A coca farmer in Bolivia lives in poverty, while others reap wealth from the crop he grows. He and his family earlier suffered persecution at the hands of the police, which, with the election of the socialists, was replaced by what he regards as exploitation by the government.
Agustin Calichu, 60, has been working as a coca farmer since his early 20s on his plantation two miles outside the town of Villa Tunari, located in the Chapare region in the Bolivian Amazon.
Chapare is located in the department of Cochabamba, where growing coca is legal for up to 200 square meters of cultivation per family. Chapare has a history of coca-leaf production for use in narcotics and traditional medicine.
Agustin’s farm comprises a total of 12.3 acres divided between different crops, including coca. His adult son, Victor, met this reporter outside the family’s small, single-story home with a sheet metal roof. Victor Calichu’s wife, three children, and father share the home. The sole vehicle in the dirt driveway belongs to the younger man, who works as a taxi driver in Villa Tunari in addition to helping his father with the farm.
He pointed out a variety of crops grown on his family’s farm, including corn, potatoes, and papaya. After a 30-minute walk through the jungle, Victor Calichu revealed the farthest portion of his family’s land, which is where they grow coca plants. His father was working in the field with a machete.
Agustin Calichu recalled the violent police raids.
A special narcotics task force of the police called the Unidad Móvil Policial para Áreas Rurales (UMOPAR) has operated within the Chapare region since 1983. Due to the high concentration of cocaine trafficking near the town of Chimore, the force began raiding and burning coca farms in the surrounding area, according to Agustin Calichu.
Juan Carlos Siles, 32, was 19 years old when he worked with the FTC in Chapare.
“We shouldn’t have been there. We had no permission, it wasn’t even legal,” Siles told The Epoch Times.
“Some [farmers] would run and some would curse us, but the women would beg us not to burn their coca. I remember Mother’s Day that year, because a woman the same age as my own mother pleaded with us, while crying, not to burn her coca [plants],” Siles said.

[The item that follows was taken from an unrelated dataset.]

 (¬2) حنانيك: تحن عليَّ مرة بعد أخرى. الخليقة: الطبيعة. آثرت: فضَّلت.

Siles said that after three months of working in Chapare with the FTC eradicating coca plants on farms, his unit only found drugs on two occasions.

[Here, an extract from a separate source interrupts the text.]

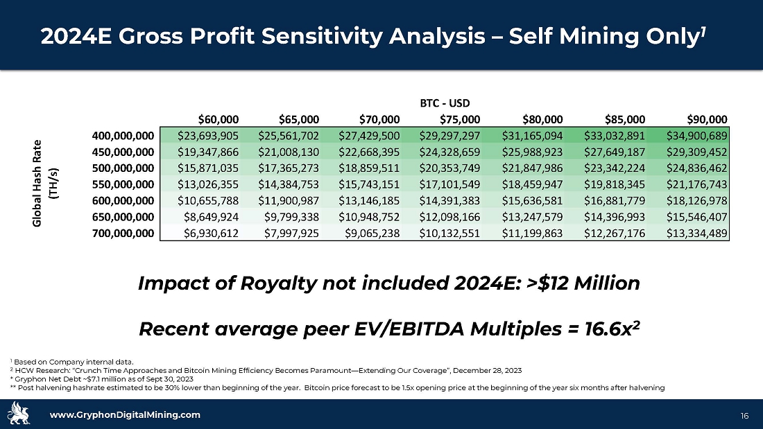www.GryphonDigitalMining.com Target Capitalization • Certified 100% renewable energy operation heading into 2024 • Gryphon Digital Mining was among a select inaugural group of 5 miners to be awarded a “ Green Proofs for Bitcoin” certification • Certifications were issued to Bitcoin miners based on their clean energy use and contributions to grid stability via demand response • Developed in partnership with over 35 miners, NGOs, grid operators, and other energy and crypto market participants, its approach to scoring is aligned with best practices for sustainability leadership and to approaches to corporate ESG reporting 15 Independently verified certification based on clean energy use Key Success Factor: Green Proofs for Bitcoin

The rest were regular farmers like Agustin Calichu.
“We don’t grow drugs. We grow crops. Coca is used for many things, like natural medicine. What we do is legal, but UMOPAR still burned our farm. They burned everything, even the crops that weren’t coca,” Agustin Calichu said.

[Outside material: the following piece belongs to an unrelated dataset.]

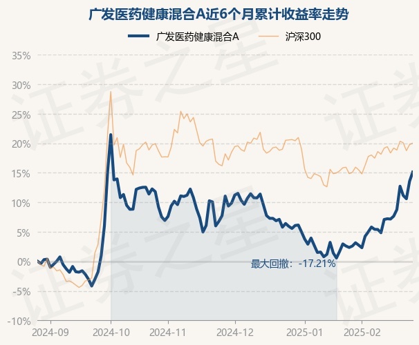 证券之星消息,2月27日,广发医药健康混合A最新单位净值为0.4758元,累计净值为0.4758元,较前一交易日上涨1.36%。历史数据显示该基金近1个月上涨12.06%,近3个月上涨3.66%,近6个月上涨15.12%,近1年上涨7.31%。该基金近6个月的累计收益率走势如下图:

Victor Calichu said the raids were the reason coca growers began farming deep in the jungle. It made the task of finding coca bushes a challenge.
Agustin Calichu said a silver lining presented itself once Evo Morales, of the Movement for Socialism party (MAS), was elected president in 2006 and the violent police raids on his farm stopped. Morales had been a labor union boss for coca growers. His rise to power resulted in fewer violent police crackdowns on the farmers.
Morales also kicked out U.S. Drug Enforcement Agency officials in 2008.
Agustin Calichu gets paid in cash for the leaves and is usually able to sell his whole harvest in one transaction.
Private sales don’t follow a set schedule, and they can be hit or miss on the profit. However, the farmer feels he can’t complain overall since he only makes US$5 per kilo of leaves when he sells directly to the public markets in Cochabamba and La Paz, where residents buy coca for traditional medicinal uses. But at the end of the day, his family lives in poverty.
“It’s hard to make a living for a family just as a farmer, even when you grow coca,” Victor Calichu said.
When asked how he felt about being paid so little, Agustin Calichu just shrugged. “I want to live in peace with my family. That is what’s most important. I still make more money from my coca [leaves] than I did before the MAS was in power.”
Morales stepped down as president after a disputed general election on Nov. 10, 2019. The MAS party was reelected to power with Luis Arce as president in October 2020. Arce was minister of economy during the 13-year tenure of Morales.